Selain menjadi sangat cerdas dan membuat pria gila, Lou adalah seorang vegetarian dan berlatih meditasi berkat suaminya, ahli bahasa Carl Friedrich Andreas.

“Ini seperti New Age, tapi di awal abad ke-20, hal itu tidak terpikirkan,” kata Sarmiento.

Oleh karena itu, tidak mengherankan jika penduduk kota kecil Göttingen di Jerman, tempat dia tinggal di tahun-tahun terakhir hidupnya, mengklasifikasikannya sebagai penyihir.

“Wanita yang melakukan sesuatu secara berbeda dari orang lain selalu menakutkan,” kata Sarmiento. “Mereka takut padanya, mereka mengira dia punya kekuatan tersembunyi.”
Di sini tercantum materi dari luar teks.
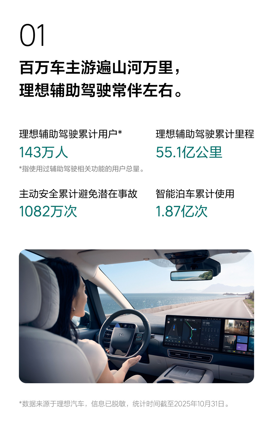 2025年11月14日,理想汽车公布了《理想辅助驾驶10月出行报告》,截至10月31日,理想辅助驾驶累计里程55.1亿公里,主动安全累计避免潜在事故1082万次。

Orang lain yang tidak menerima keadaannya adalah saudara perempuan Nietzsche, yang menurut Sarmiento adalah “musuh terbesarnya”.

“Adik Nietzsche meyakinkan sebagian besar komunitas Eropa bahwa perilaku Lou yang memalukan ini adalah sesuatu yang tidak boleh ditoleransi dan sebagai akibatnya dia menghadapi banyak kendala.”
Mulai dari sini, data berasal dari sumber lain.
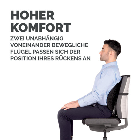 Rückenstütze Back Angel(TM). Unterstützt den gesamten Rücken, ideal für längeres Sitzen. Besteht aus 2 einzelnen beweglichen Flügeln. In 7 Höhen zwischen 14 und 23cm verstellbar. Elastische und flexible Befestigung, luftdurchlässigen Öffnungen, modernes Design. Größe (H x B x T): 380 x 440 x 140 mm. Farbe: schwarz.

Namun tidak dapat disangkal bahwa Lou memengaruhi sang filsuf dan meskipun mereka hanya bersama secara fisik selama beberapa tahun, mereka tetap terhubung selamanya.
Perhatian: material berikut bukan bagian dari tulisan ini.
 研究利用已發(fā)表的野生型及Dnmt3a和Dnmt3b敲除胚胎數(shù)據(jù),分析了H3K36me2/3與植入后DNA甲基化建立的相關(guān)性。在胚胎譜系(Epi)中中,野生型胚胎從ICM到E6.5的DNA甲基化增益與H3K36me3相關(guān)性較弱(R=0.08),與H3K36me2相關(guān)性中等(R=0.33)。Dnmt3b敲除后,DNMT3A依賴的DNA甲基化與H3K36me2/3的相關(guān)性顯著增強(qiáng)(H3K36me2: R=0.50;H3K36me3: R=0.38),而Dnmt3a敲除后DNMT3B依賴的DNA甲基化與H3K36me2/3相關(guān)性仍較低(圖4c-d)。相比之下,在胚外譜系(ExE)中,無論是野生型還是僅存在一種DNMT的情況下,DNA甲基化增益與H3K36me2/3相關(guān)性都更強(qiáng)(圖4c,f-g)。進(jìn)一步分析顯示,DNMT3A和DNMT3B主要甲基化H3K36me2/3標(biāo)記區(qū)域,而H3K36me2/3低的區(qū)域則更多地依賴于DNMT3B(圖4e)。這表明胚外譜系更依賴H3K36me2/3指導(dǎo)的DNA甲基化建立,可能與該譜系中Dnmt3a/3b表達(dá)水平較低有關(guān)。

“Bahkan karya terbesarnya, ‘Thus did Zarathustra,’ memiliki banyak ide Lou yang terjalin di dalamnya, dia terinspirasi olehnya,” kata penulisnya. “Mereka memberi tahu Lou bahwa laki-laki menjadi terkenal atau menerbitkan buku hebat sembilan bulan setelah bertemu dengannya dan Nietzsche tidak terkecuali…. Seolah-olah dia menghamili mereka secara intelektual.”

Lou bersumpah bahwa dia akan tetap perawan untuk membebaskan dirinya dari beban memberikan dirinya secara seksual kepada seorang pria, karena dia mengatakan bahwa wanita kehilangan kebebasannya ketika mereka menikah. Selama bertahun-tahun dia menepati janjinya, bahkan tetap menikahkannya dengan Andreas, sampai dia bertemu dengan penyair tampan Rilke, yang merayunya dan menyebabkan dia kehilangan keperawanannya pada usia 35 tahun.

“Saya percaya bahwa seseorang tidak hanya mempunyai hak untuk mengubah pendapatnya, tetapi juga kewajiban untuk mempertanyakan setiap saat apakah pendapatnya benar,” kata Sarmiento tentang perubahan kontras dalam hidup Lou. “Rilke sangat menarik, banyak yang jatuh cinta pada Rilke dan Rilke jatuh cinta pada banyak orang lain, tapi di ranjang kematiannya, yang dia minta adalah Lou.”

Setelah Rilke, Lou memiliki banyak kekasih lain dan, seperti yang diharapkan, dia hamil pada saat alat kontrasepsi belum ada. Kemalangannya adalah melakukan aborsi.

“Aborsi jauh lebih umum daripada yang kita duga. Ya, dia setidaknya melakukan dua kali aborsi,” kata Sarmiento. Itu sangat sulit baginya, itu adalah salah satu hal yang paling berkesan baginya, tapi dia tidak punya pilihan lain mengingat situasinya.